6. The method according to claim 5, wherein a threshold value is defined, based on the extent to which false alarms are to be prevented, and the information signal is emitted if the mean value exceeds the threshold value.
7. A false alarm indicator for a fire alarm system, comprising:
detectors having sensors for fire index quantities which generate corresponding sensor signals, and
means for processing the sensor signals, including means for recording the sensor signals during a first time interval, means for comparing the sensor signals with a threshold value, means for recording the excursions of the sensor signals above the threshold value, and means for generating a false alarm warning signal when the recorded excursions exceed a preset number.
8. The fire alarm system according to claim 7, wherein said means for processing the sensor signals comprises means for dividing said first time interval into sub-intervals of equal length, means for determining the maximum values of the sensor signal in the sub-intervals and means for deriving an interval mean value from the maximum values.
9. The fire alarm system according to claim 8, wherein the means for deriving the interval mean value comprises a digital low-pass filter.
10. A method for preventing false alarms in a fire alarm system, comprising the steps of:
detecting a fire index parameter and measuring the magnitude of said parameter;
establishing a threshold value for said magnitude;
counting the number of times the measured magnitude exceeds said threshold during a predetermined time interval; and
generating a false alarm-related signal if the counted number is greater than a predefined value.
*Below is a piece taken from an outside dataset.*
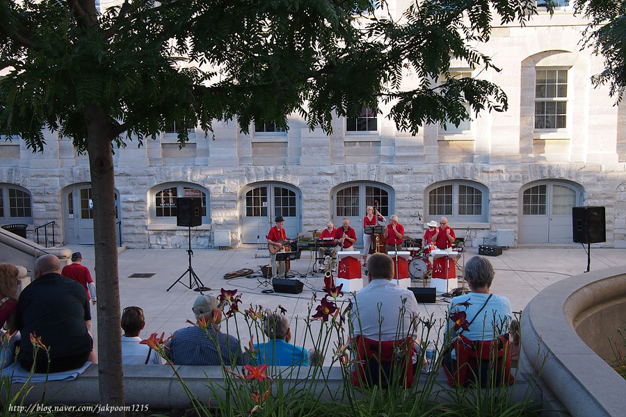 따뜻하고 불그스레한 저녁 무렵의 노을빛 햇살이 광장을 비추고 있었고 딱 알맞게 서늘한 바람이 불고 있었다. 그리고 머리가 희끗희끗하신 어르신 연주자들이 들려주시는 음악이 마치 저녁노을처럼 마을 곳곳에 흩어지고 있었다. 그러고 보니 광장에 모인 사람들 역시 대부분 나이가 꽤 있으셨던 기억이다.

11. The method of claim 10 further including the step of determining the length of time the measured magnitude exceeds said threshold.
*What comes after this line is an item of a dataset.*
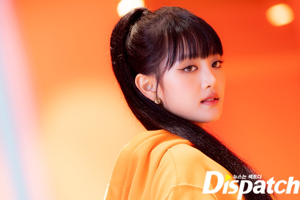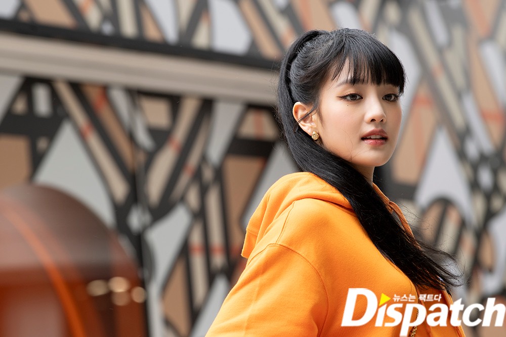 민니는 오렌지 컬러 후디로 눈길을 끌었다. 하이힐 또한 같은 컬러로 매치해 스타일리시한 감각을 뽐냈다.

This invention concerns a method and system for the prevention of false alarms in a fire alarm system, of the type in which a number of detectors are connected to a control center, with the detectors having one or more sensors for monitoring fire index quantities and for emitting corresponding sensor signals from which hazard signals are derived in a signal processing operation.
One of the causes of false alarms, which rank among the most frequently occurring malfunctions in fire safety systems, is that the sensors "make mistakes" when they are incapable of distinguishing between a fire index quantity which indicates a fire and a parameter which only simulates a fire. The main reason for this confusion is that the two quantities are the same physically but of different origins so that, for example, in a particular room the physical quantity "smoke" can be caused either by a fire, a cigar smoker or by welding work. As a result, if the appropriate detector responds to the fire index quantity smoke, then it will do so in each of the three cases, and increasing the reliability of the sensor or individual components in the sensor will not prevent the triggering of false alarms caused by the cigar smoker or the welding work. Known systems, however, are directed almost exclusively towards such improvement of reliability, with the result that they are generally incapable of reducing the number of false alarms of the type described.
The object of the invention is to define a method by the application of which false alarms are largely prevented or, at least, appreciably reduced, as well as a fire alarm system whose operation is based on such a method.
This object is achieved in accordance with the invention by means of a signal processing operation that includes the following stages:
a. Analysis of the sensor signal during a defined first interval;
b. Calculation of the probability of a false is alarm in a subsequent second interval; and
c. Emission of an information signal if the probability exceeds a defined value.
The approach adopted in the method of the invention for preventing false alarms differs completely from any employed hitherto. No attempt is made to reduce the number of false alarms by increasing the reliability of the system or its components; instead, the system is designed so that false alarms can be predicted. When the probability of a future false alarm attains or exceeds a defined value, the user receives an information signal or a warning to which he can react as appropriate.
A major concern in a method or system of this type is the relationship between the time required for the decision on whether a warning is to be given and the reliability of this decision. That is to say, on one hand, the decision must be made within as short a time as possible, since a false alarm usually occurs shortly after a change in the ambient conditions and, on the other hand, the statistical significance of the data gathered during this short period is not high, nor can it be by any means.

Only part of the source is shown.